Li Zeng conclut en affirmant que les dimensions des planètes contraignent leur formation et leur structure interne. Ce postulat lui a permis d’expliquer la formation des planètes-océans.

DE NOMBREUSES SUPER-TERRES RECOUVERTES D’EAU
« Réaliser que les planètes-océans sont si nombreuses était une immense surprise » confie Li Zeng. En effet, plus d’un tiers des exoplanètes recensées seraient recouvertes pour moitié d’eau.

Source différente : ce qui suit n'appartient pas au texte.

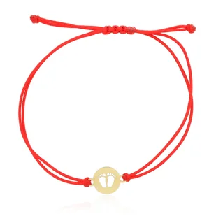 Bransoletka czerwony sznurek stópki w złotym kółku pr.585

À titre de comparaison, les océans de la Terre recouvrent 70,8 % de sa surface. Le chercheur apporte une réponse quant à leur formation : « Les planètes-océans se sont certainement formées d’une manière similaire aux géantes gazeuses que l’on trouve dans notre système solaire. […] Échouant à devenir des géantes gazeuses », elles auraient évolué différemment pour devenir des planètes riches en eau. Ces planètes se situent à la limite supérieure d’une catégorie d’exoplanètes appelées super-terres, avec une masse environ 10 fois plus importante que celle de la Terre.

Li Zeng avait récemment publié une seconde étude, mettant également en relation le rayon des planètes et le type d’étoile autour de laquelle elles orbitent. Le mystère sur la formation demeure mais cette découverte est une belle avancée en matière de recherche de planètes similaires à la nôtre et de vie extraterrestre.